Adversaries may use mutex creation or checking to establish persistence or coordinate malicious activities across multiple processes. SOC teams should proactively hunt for this behavior in Azure Sentinel to identify potential covert communication or persistence mechanisms that may evade traditional detection methods.
YARA Rule
rule win_mutex {
meta:
author = "x0r"
description = "Create or check mutex"
version = "0.1"
strings:
$c1 = "CreateMutex"
condition:
1 of ($c*)
}
This YARA rule can be deployed in the following contexts:
This rule contains 1 string patterns in its detection logic.
Scenario: A system update or patching tool (e.g., Windows Update, SCCM) creates a mutex to ensure only one instance of the update process runs at a time.
Filter/Exclusion: Exclude processes related to known patching tools (e.g., wuauserv, svchost.exe with svchost associated with Windows Update).
Scenario: A scheduled job (e.g., via Task Scheduler) runs a script or application that creates a mutex to prevent multiple instances from executing simultaneously.
Filter/Exclusion: Exclude processes launched by Task Scheduler (e.g., check Task Scheduler logs or use CommandLine field to identify scheduled tasks).
Scenario: A legitimate application (e.g., Microsoft Office, Adobe Acrobat) creates a mutex to manage shared resources or prevent multiple instances.
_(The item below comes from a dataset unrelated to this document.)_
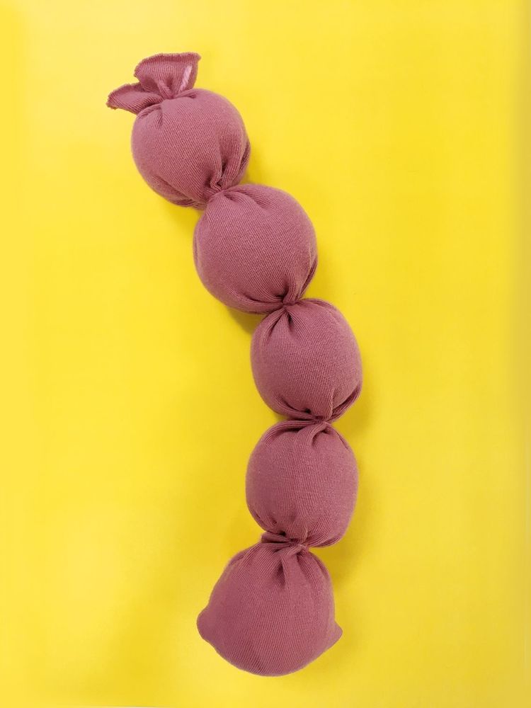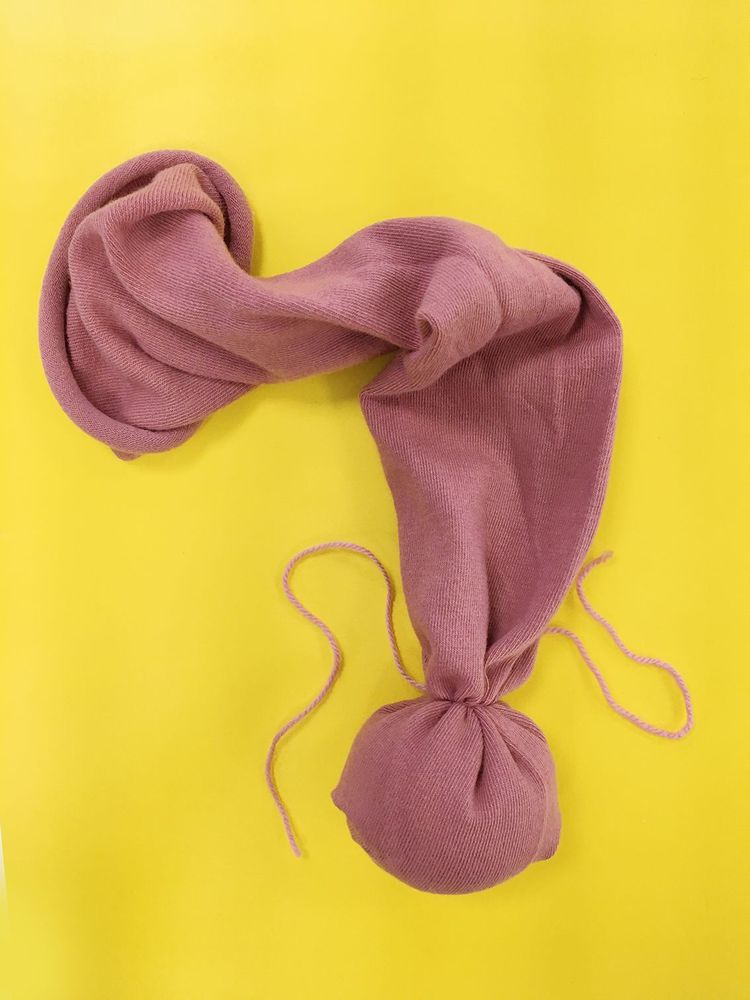 Ta en näve vadd och stoppa in i strumpan, fyll på med så mycket vadd som du vill att huvudet ska vara stort. Knyt åt med ett garn i passande färg, eller ta en gummisnodd och snurra runt.

Filter/Exclusion: Exclude known application mutexes by name (e.g., Global\{some-unique-id} associated with Microsoft Office or Adobe).
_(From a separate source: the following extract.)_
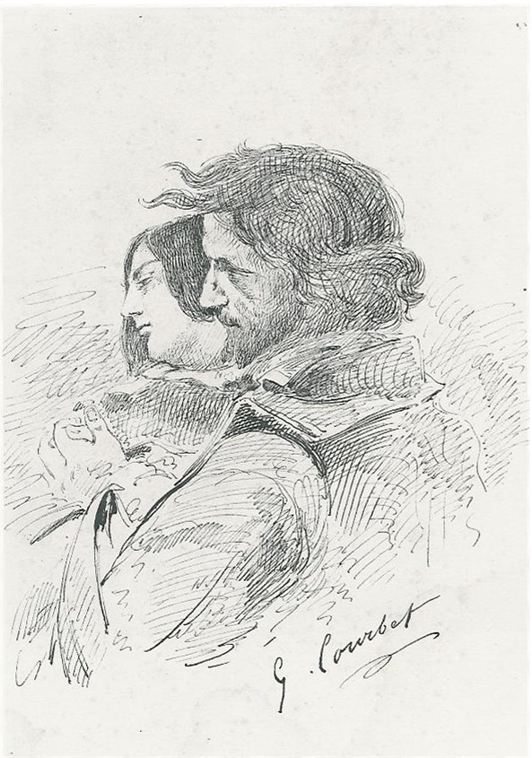 Compare the painting to a sketch for Courbet's The Lovers, for instance, and you can see the similarity in their compositions. A separate article on Courbet's finished painting demonstrates how the two images, 250 years apart, share similar meaning.

Scenario: An administrator manually creates a mutex using a tool like Mutex Creator or via PowerShell to synchronize processes during maintenance.
Filter/Exclusion: Exclude processes initiated by administrators using tools like Mutex Creator or check for RunAs or Administrator privileges in the event log.
Scenario: A database or application server (e.g., SQL Server, Oracle) creates a mutex to manage access to shared resources or prevent race conditions.
Filter/Exclusion: Exclude processes associated with known database services (e.g., sqlservr.exe, oracle.exe) or check for service account usage.